The CO2 mixtures obtained through the TSA and flash met the purity requirements for transportation and storage, based on the recommendations reported in the literature. However, when a flash at 65 barg and 20 °C was used, the CO2 recoveries of Feeds 2 and 3 were low owing to non-condensable impurities (N2 and H2). In addition, the flash-separated CO2 product at 65 barg demonstrated the co-existence of the gas and liquid phases, restricting the temperature window of liquid CO2 transportation. Pure CO2 at 65 barg maintained the liquid phase below 26 °C, whereas the CO2 products from the flash should be transported below 23 °C for Feed 1 and below 20 °C for Feeds 2 and 3 to avoid a two-phase flow. The CO2 products from the distillation column exhibited a behavior similar to that of pure CO2 owing to their high purity. The CCL processes with a distillation column consumed more cooling and heating duties than those with the flash.

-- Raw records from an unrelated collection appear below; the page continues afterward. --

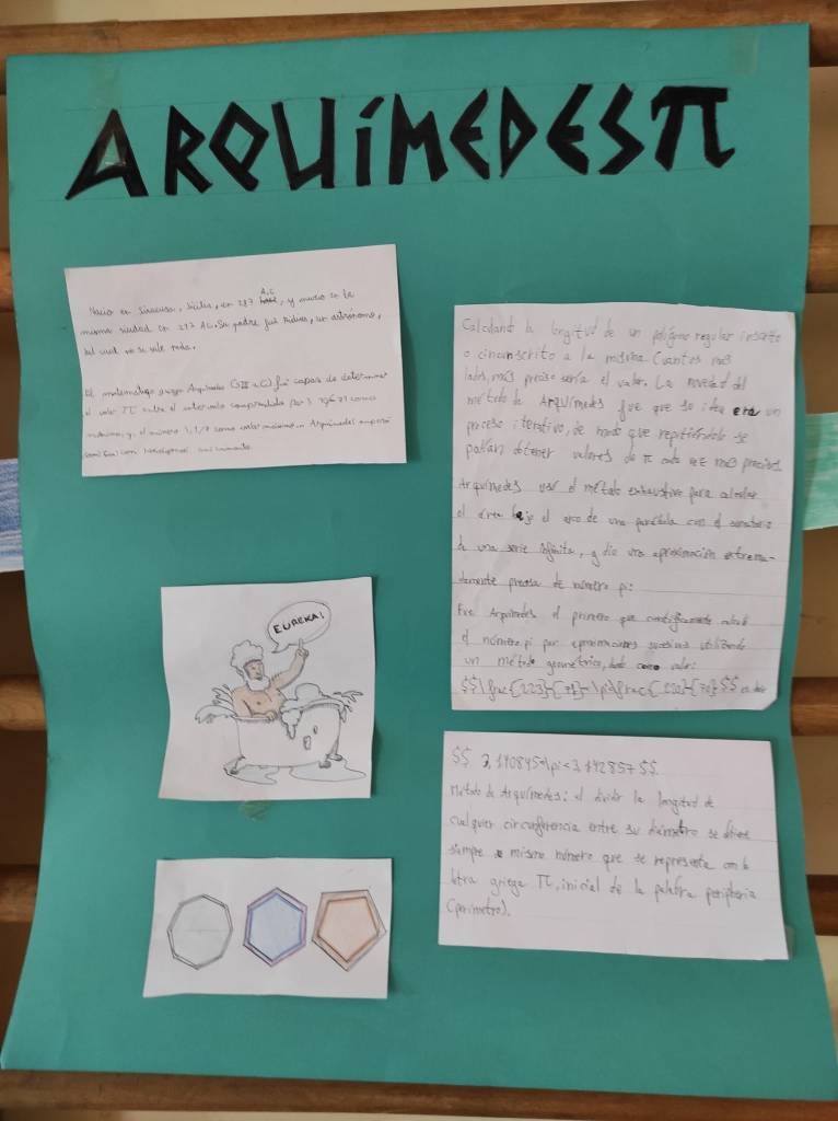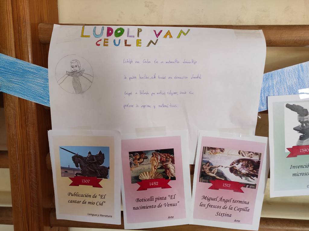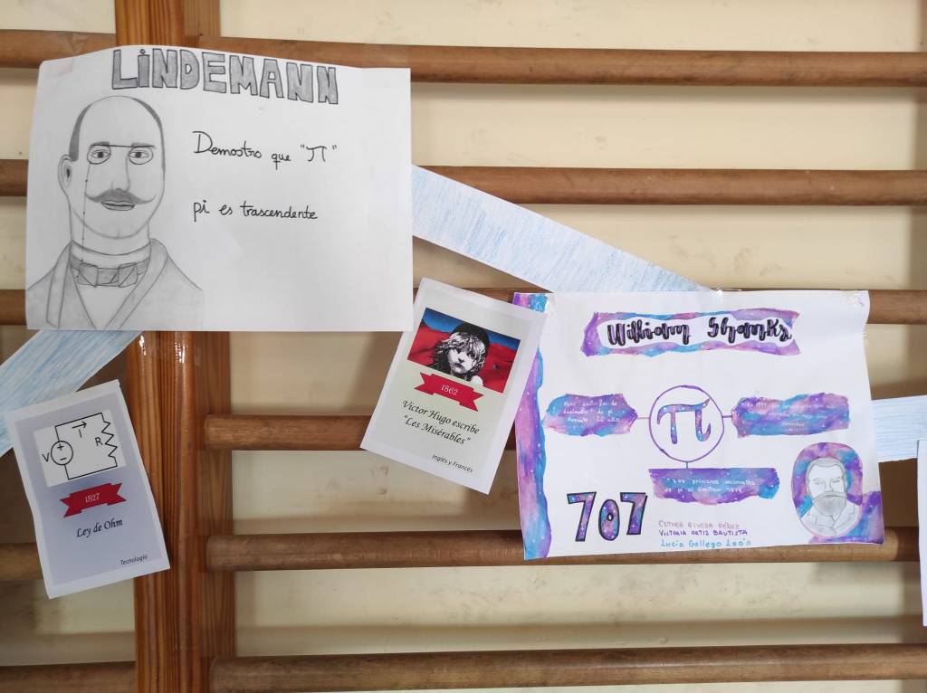 El alumnado de 1°A, B y C han elaborado una línea del tiempo sobre eventos relacionados con el número pi. Además, se han incluido varios eventos históricos relacionados con las diferentes asignaturas que se imparte en el centro.
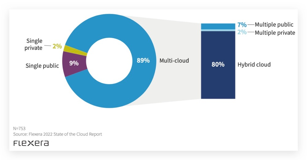 公有云与私有云业务的融合在业内称之为混合云。《Flexera 2022 年云状况报告》调查显示:89% 的企业采用了多云战略,80% 的企业拥有混合云策略。
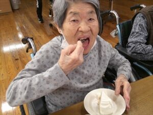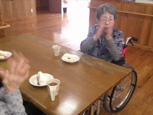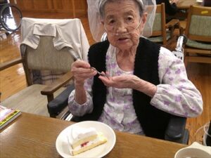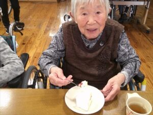 本日は、「家族会」から誕生日のケーキがおやつで提供されました。
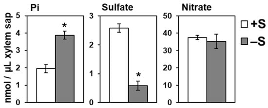 Increased Pi levels in xylem sap under –S. Wild-type (WT) plants were used. Twenty-day-old plants were transferred to hydroponic media supplemented with 1500 μM sulfate (+S) for 2 days before starting the treatment. For the treatment, plants were transferred to hydroponic media with (+S, white bar) or without (–S, gray bar) sulfate. Xylem sap was collected from decapitated stem after cutting the main stem when the main stem height reached approximately 3 cm for all plants. Bars and error bars indicate mean ± SE (n = 3). Asterisks indicate significant differences between +S and –S detected by Student’s t-test (* p < 0.05).
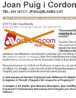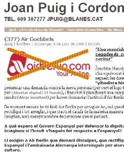 (Libertad Digital) En un nuevo texto del blog de Joan Puig conocido por calificar a Libertad Digital como la “prensa yihadista hispánica” y asaltar la vivienda familiar del director de El Mundo en Mallorca, el incendiario ex diputado de ERC ha continuado con su campaña de difamación contra la Air Berlin.
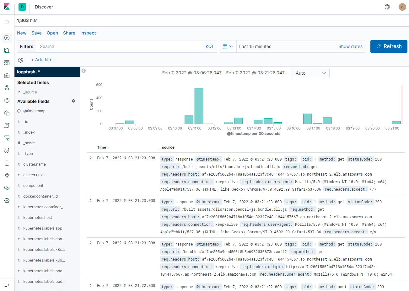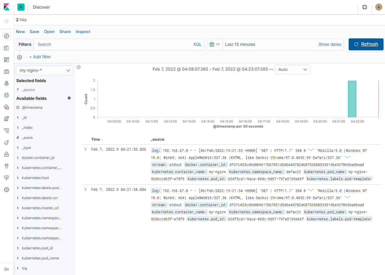 위와 같이 index pattern에 logstash 이외에 pod_name으로 기동되는 my-nginx-* pod가 추가되었다. index를 추가하고 Discover에서 아래와 같이 확인이 가능하다.
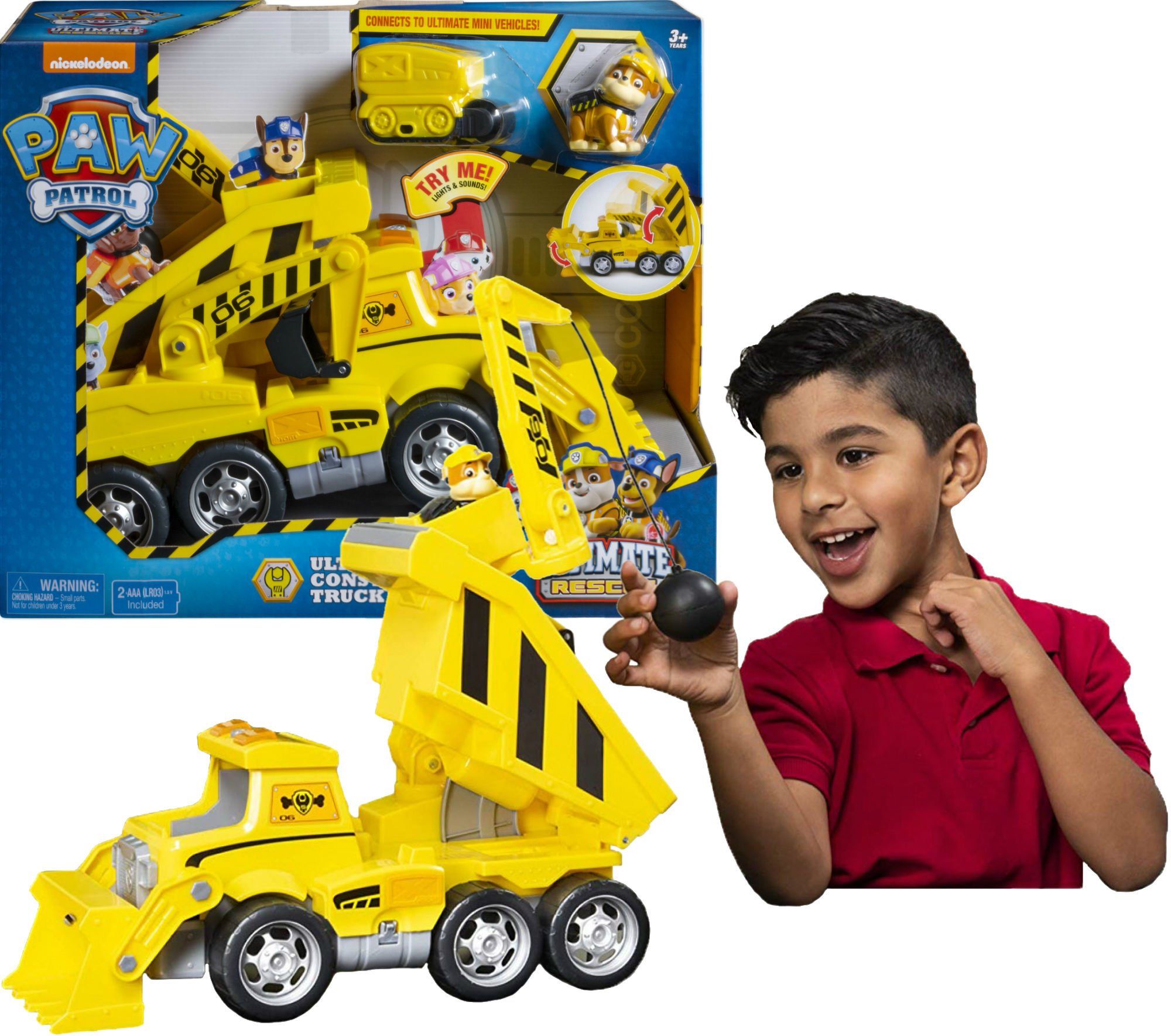 Mô hình xe tải Chó cứu hộ PAW Patrol Ultimate Construction Truck đèn nhấp nháy và âm thanh. Chiếc xe cứu hộ ngoại cỡ này còn có các tính năng di chuyển thực tế để hoàn thành bất kỳ nhiệm vụ cứu hộ nào. Hãy bắt tay và giúp Rubble (bao gồm) ngày thôi bé ơi.
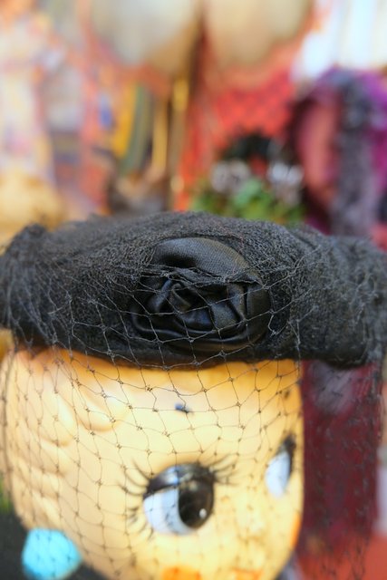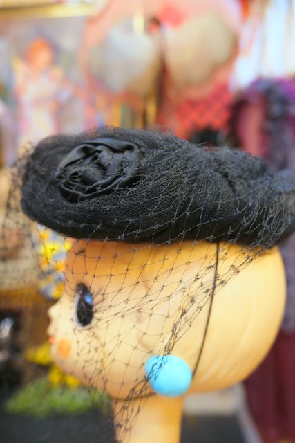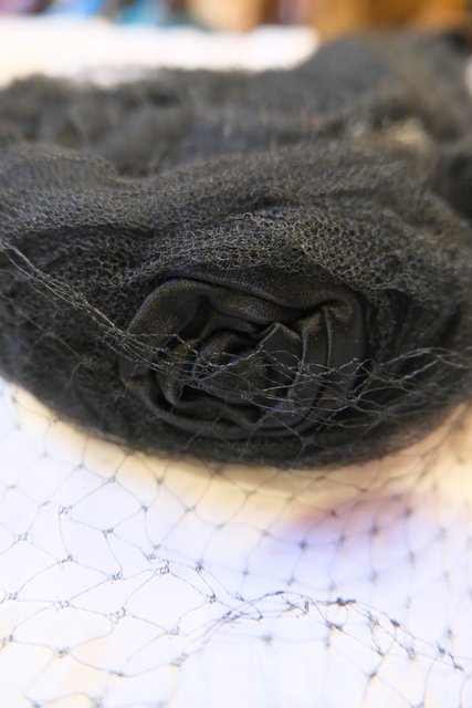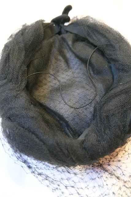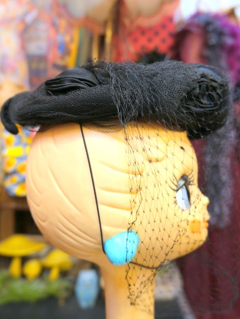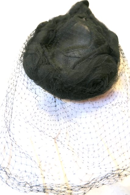 何枚も重なった黒チュールお花に繊細なベールデザインが素敵なスペインで見つけた1950年代頃のアンティーク帽子
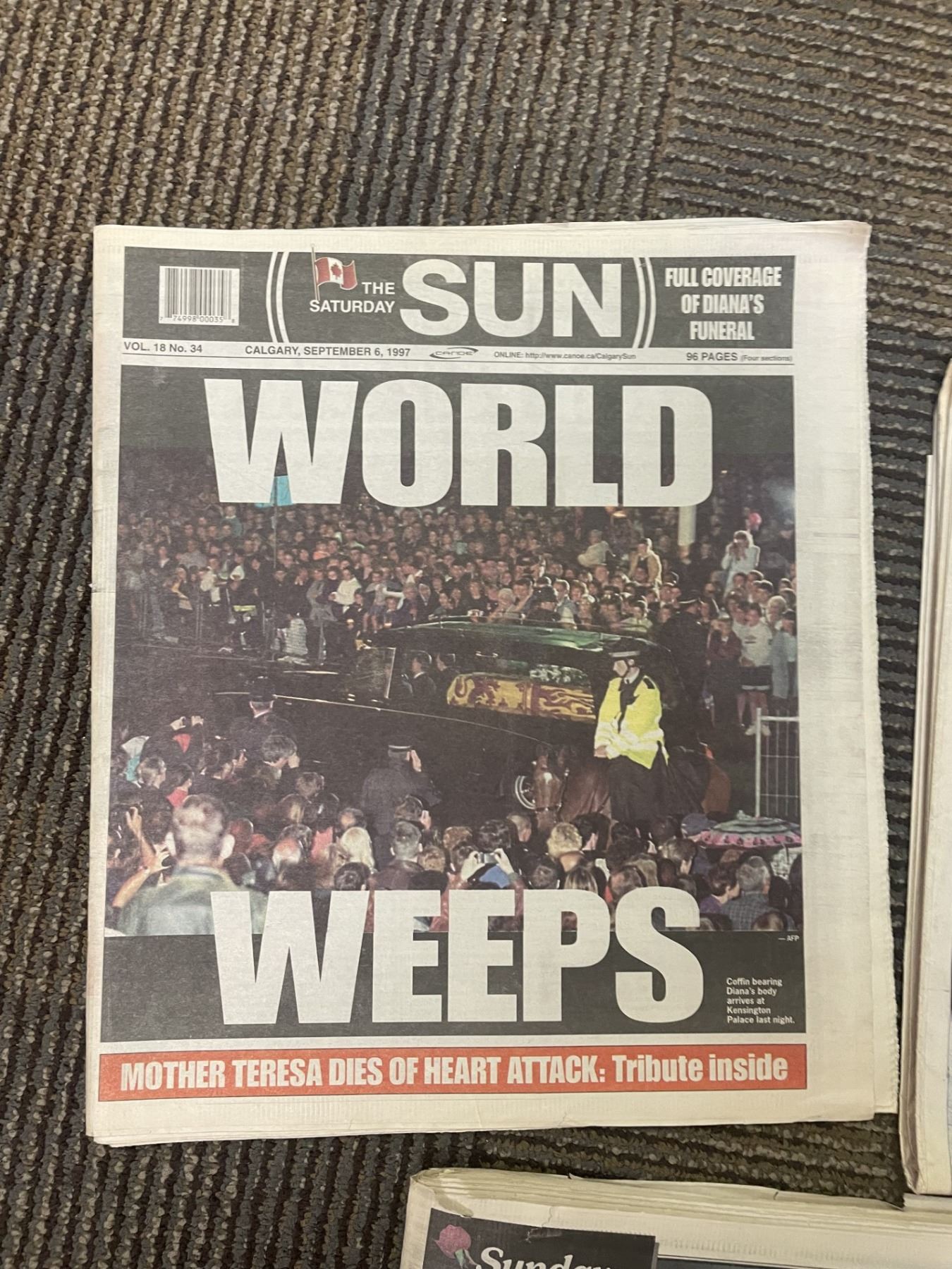 Princess Diana - September 6 and 7 1997 , THREE Newspapers
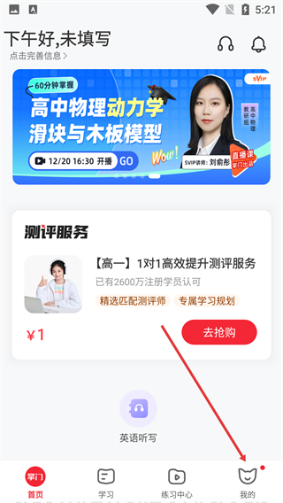 1、進入首頁,可查看直播課等內容,點擊底部【我的】進入個人中心頁面。
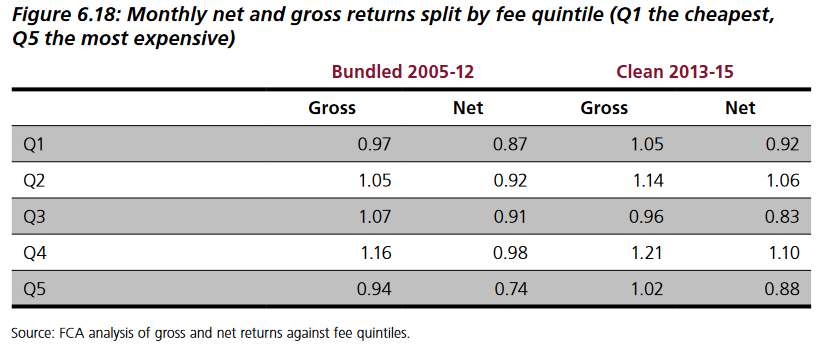 Nedanstående tabell visar att det knappast finns något samband mellan avgifter och avkastning. Fonderna är indelade i kvintiler där Q1 betecknar den femtedel av fonderna som har lägst avgifter. ”Bundled” betyder blandfonder och ”clean” rena aktiefonder. [Fel, begreppen avser hur kostnaderna tas ut från kunden, se kommentaren nedan.]
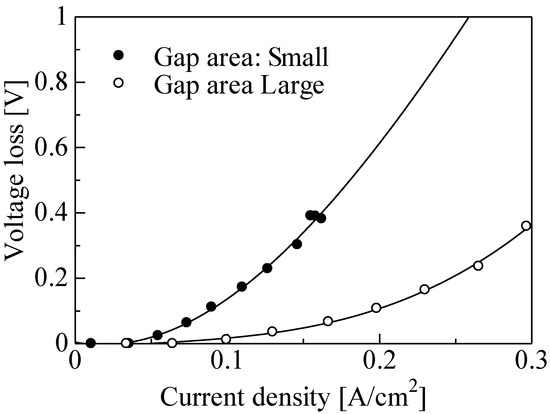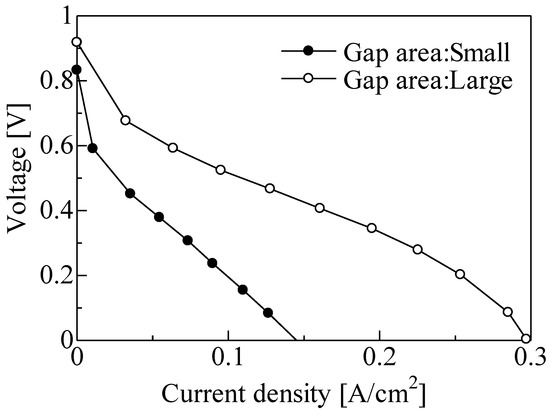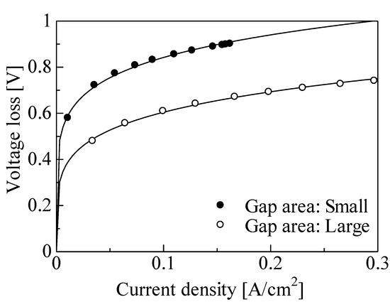 Figure 10 shows the V–J curve of a single PEFC for the different gap areas. Three gradients, due to activated polarization, resistance polarization, and diffusion polarization, were observed on the large gap area. The voltage of approximately 0.91 V at a current density of 0 mA/cm2 was obtained for a large gap area under relatively low height. Moreover, the maximum current density for a large gap area was larger than that with a small gap area and was increased from approximately 0.15 to 0.3 A/cm2 at the same height. Figure 11 shows the voltage loss due to activated polarization for the different gap areas. The voltage loss due to the activated polarization for the large gap was smaller than that for the small gap. The difference was approximately 0.2 V regardless of the current density. These results indicate that the three-phase interface region increased with the increase in gap area since the supply of platinum or ionomer dispersion solution to the bottom of the CNWs may have been enhanced. Figure 12 shows the voltage loss due to diffusion polarization for the different gap areas. The voltage loss due to diffusion polarization for the large gap was improved to be approximately 4 times smaller than that for the small gap. This result indicates that the supply of fuel gas to the three-phase interface and the discharge of water molecules were drastically improved by enlarging the gap of CNWs.
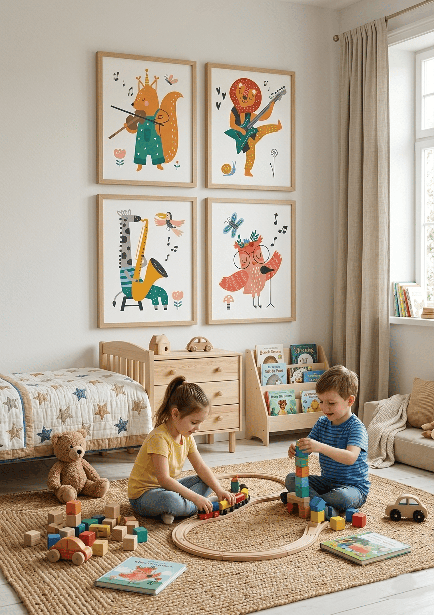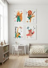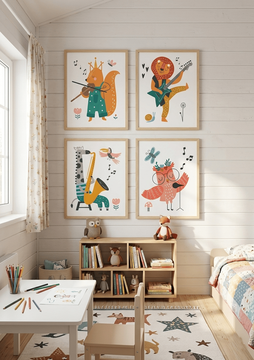 Set of 4 Kids' Room Wall Art - Funny Musical Animals - Nursery Wall Decor Scandinavian Style

The total capital investment (TCI, 17–20 M$) and total production cost (TPC, 7–8 M$/y) of the CCL process with the distillation column were higher for Feeds 1–3, compared to the TCI (15–17 M$) and TPC (5–6 M$/y) with the flash. The levelized cost of CO2 liquefaction (LCCL) of the CCL process with the distillation column (17–18 $/t-CO2) was higher than that with the flash (13–19 $/t-CO2), except for Feed 3, where the recovery was low. Using the distillation column widened the operating temperature window of liquid transportation but increased the LCCL. The CCL process was limited to the CO2 products at 65 barg. Two-phase flow under various operating conditions during transportation and storage must be investigated. A more rigorous validation of the EOS is also required for the accurate prediction of the phase equilibrium. This study demonstrated that a two-phase flow existed under certain operating conditions, despite the CO2 purity being high (over 97 mol%), and the distillation column enhanced the operability of liquid CO2 transportation. The scientific findings will provide a valuable guideline for process design in the field of CCL for CCS.